Aber Mitrofani hatte seine Strafpredigt noch nicht beendet.

»Ich mache Eurer Hochehrwürden noch weitere Vorwürfe. Ich habe gehört, dass Sie den weltlichen Machthabern Gefälligkeiten erweisen, wenn sie Sie besuchen. Man hat mir erzählt, dass Sie im vergangenen Jahr, als die Großfürstinnen eine Wallfahrt zu Ihnen machten, zu jedem Heiligtum einen Teppich ausgelegt haben und Ihr Chor ein Konzert für sie gegeben hat. Und das bei minderjährigen Mädchen!
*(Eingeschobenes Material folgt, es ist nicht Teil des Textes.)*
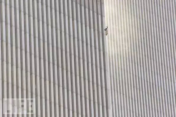 大火正在吞噬塔楼的顶部,一个男子从世贸中心大楼上坠下(也许他是跳下的,因为太多的遇难者跳楼了),类似场面惊悚不断。9月11日的早晨,还在干其他活的摄影师Richard Drew接到电话要他放下手中一切事情,赶往世贸中心。一到那儿他就开始工作,那天晚些时候他开始整理自己拍的照片,然后被这张照片震撼到了——完全有理由。这是关于9/11的一系列照片中最广为人知的一张,从纯粹的专业角度来看,这张照片是激动人心的:把一个迷你人的模型放到巨大抽象的塔楼背景中,那个人是那样的无助和绝望,我们都忍不住伸出双手试图安抚这个小小的无名氏。尽管Drew本人不想猜测那个男子的身份(他告诉《生活》说“我宁愿把他想成是某种不为人知的战士”。)我们不可能不去想假如我们就是那个坠楼的男子——“移情”(译者注:心理学专有名词)会让我们感受到他所有的恐惧。

Und warum sind Sie höchstpersönlich zum Generalgouverneur gefahren und haben seine Sineosjorsker Datscha geweiht und sogar eine wundertätige Ikone mitgenommen?«

»Um der gottgefälligen Sache willen!«, rief Witali hitzig aus. »Wir leben schließlich mit unserem Körper auf der Erde! Dafür, dass ich den Kaiserlichen Hoheiten einen Gefallen erwies, wurde dem Kloster von der kaiserlichen Behörde in Petersburg ein Grundstück für eine Kirche verliehen. Und der Generalgouverneur schickte aus Dankbarkeit eine fünfhundert Pud schwere Bronzeglocke. Das kommt doch nicht mir zugute, dem großen Sünder Witali, sondern der Kirche!«

»Ach, ich fürchte, unsere Kirche muss für die Umarmung mit der weltlichen Macht einen hohen Preis zahlen«, seufzte der Bischof. »Und möglicherweise in gar nicht so ferner Zeit. . . Nun gut«, fügte er nach einer kurzen Pause hinzu und lächelte plötzlich. »Gleich nach der Ankunft streiten – das kann nichts Gutes geben. Ich wollte Ihre berühmte Insel ansehen, Vater Witali. Ich träume seit langem davon.«

Der Archimandrit neigte ehrerbietig den Kopf.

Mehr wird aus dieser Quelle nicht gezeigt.